La Cassazione, esaminando attentamente le motivazioni del Riesame, ha ritenuto che tali erogazioni non possano essere qualificate come una forma di “remunerazione indebita” destinata a influenzare il pubblico ufficiale.

Questo punto è fondamentale, poiché il reato di corruzione presuppone proprio un’alterazione del dovere funzionale attraverso un compenso illecito.
La sentenza non si limita a valutare la mera quantità dei pagamenti, ma si addentra nel complesso rapporto tra Coima, Scandurra e Catella, analizzando la natura e la legittimità dei servizi professionali resi.
L’architetto Scandurra, in qualità di esperto nel settore paesaggistico e urbanistico, ha offerto consulenze e supporto tecnico a Coima in diverse occasioni.

La Cassazione, implicitamente, sembra suggerire che l’onorario corrisposto per queste prestazioni fosse in linea con i prezzi di mercato e riflettesse il valore dei servizi forniti.
L’inammissibilità del ricorso dei pm milanesi implica una sostanziale revisione delle ipotesi investigative.
La ricostruzione dei fatti, così come presentata dagli inquirenti, si basava sull’ipotesi di una collusione occulta tra gli indagati, volta a favorire progetti immobiliari a scapito del bene pubblico.
La sentenza della Cassazione, pur non escludendo completamente la possibilità di altre irregolarità, depaupera significativamente la base accusatoria di corruzione, focalizzandosi sulla necessità di prove concrete e inequivocabili per sostenere tali accuse.
Questa decisione della Suprema Corte non solo influisce direttamente sul destino giudiziario degli indagati, ma solleva anche interrogativi più ampi sulla trasparenza e la correttezza dei rapporti tra operatori del settore immobiliare, professionisti e pubblica amministrazione.
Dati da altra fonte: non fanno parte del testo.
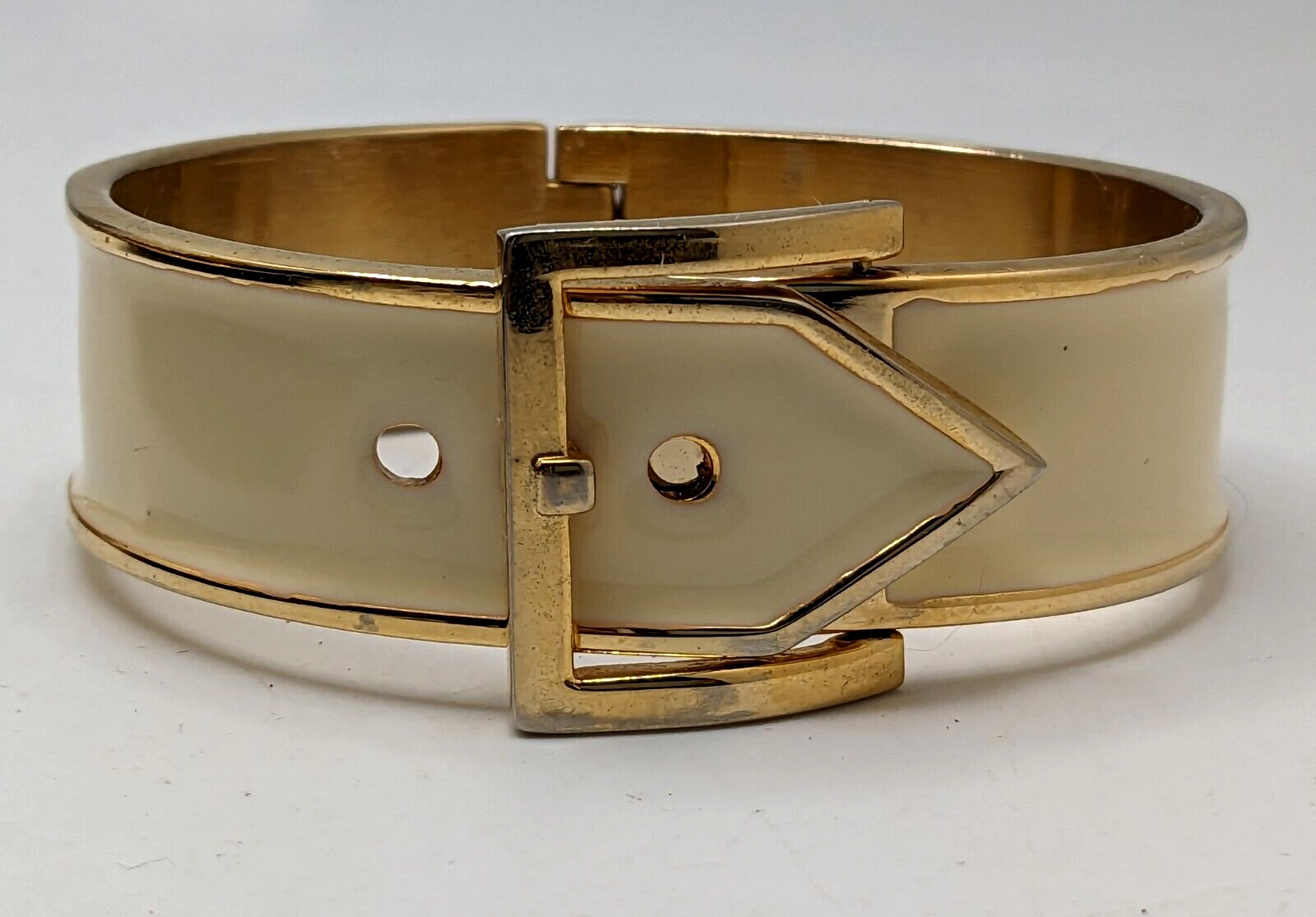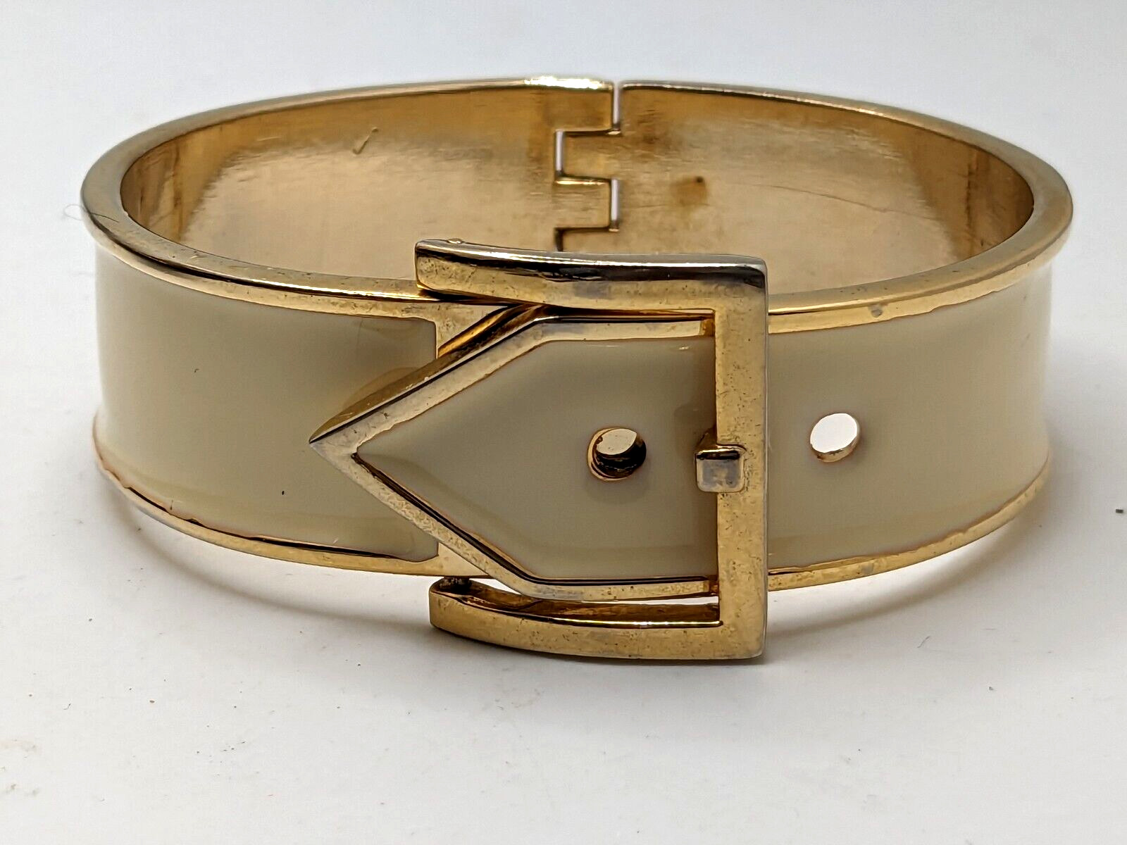 Vintage gold tone Hinged 0.75 wide off white Enamel Bracelet fashion

La necessità di una regolamentazione più stringente e di controlli più rigorosi, per prevenire abusi e conflitti di interesse, appare sempre più urgente alla luce di questa vicenda.

Inoltre, la sentenza invita a una riflessione critica sull’interpretazione dei criteri di “illecito” in contesti complessi come quello dell’urbanistica, dove la linea tra legittimo compenso professionale e indebita influenza può risultare sottile e difficile da discernere.